Sunday, July 6, 2014

Encouraging Small Business Entrepreneurship through Knowledge Development

Small business and entrepreneurship are hot topics in the U.S. economy and it is believed they will make significant contributions to America’s reemergence as a nation of opportunity and growth. A study of 200 small business entrepreneurs in the U.S. and India help highlight how education, personal development and focus contribute to growth (Scales, 2014).  There is an increasing need to teach entrepreneurship and small business development in college to match skills to knowledge needed in the market. He argues:

  • 1.      The need to teach the difference between small business development; and,
  • 2.      The actual behaviors of entrepreneurs and small business owners.
Education can play a significant part in developing and growing the entrepreneurial class. Small business owners should move more toward an entrepreneurial orientation and seek to further reach the next level in business volume. They will need new knowledge to function at their maximum capacity.

This requires business owners to shift their approach and move more towards understanding technology, developing their structures, and handling greater volume and capacity. These skills are considered adaptive and help push small business to a growth strategy.

Adaptation is required because it destroys older systems and develops new systems as a core component of entrepreneurial activity. All businesses are in a continual process of decline and rejuvenation. Growth oriented businesses can find a way through these cycles by becoming stronger in their management approaches and business development activities.

Because successful small businesses are heavily influenced by the personality and ability of the owner a greater weight should be placed on entrepreneurial personalities. Entrepreneur traits include the desire to achieve, internal locus of control, need for independence, risk-taking behavior, creativity, drive to success, problem solving, goal directed, responsible, performance oriented, and ambitious. 

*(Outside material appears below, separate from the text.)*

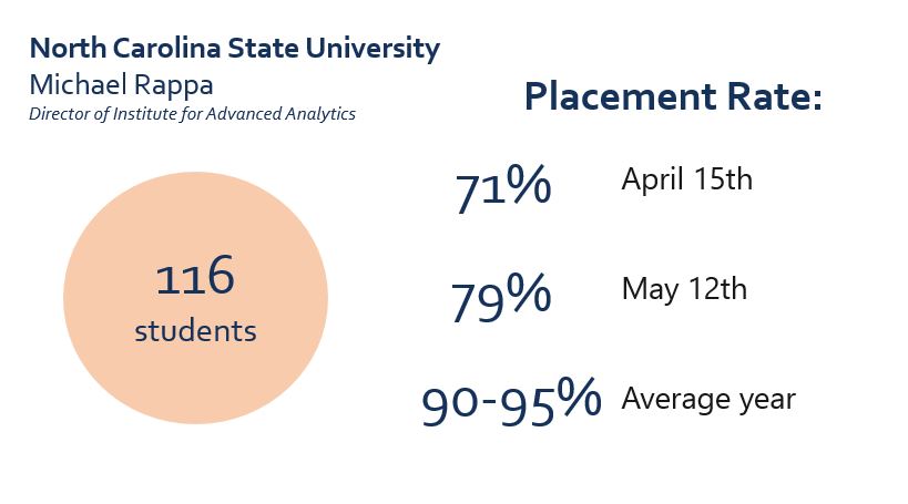 As you can see, there was a noticeable dip in the placement rate for NCSU compared to average years which reflects the overall uncertainty in the analytics job market at the moment.

The author contends that entrepreneur education has been more focused on the economics of entrepreneurship but should also include small business growth. The educational process may be better serviced by focusing on the differences between small business development and entrepreneurship. New research and literature can be used in an emerging educational field and has great potential to impact the sector.

Scales,T. (2014). “Interactive Business” Risk, Reward and Reality. Academy of Business Research Journal, 1.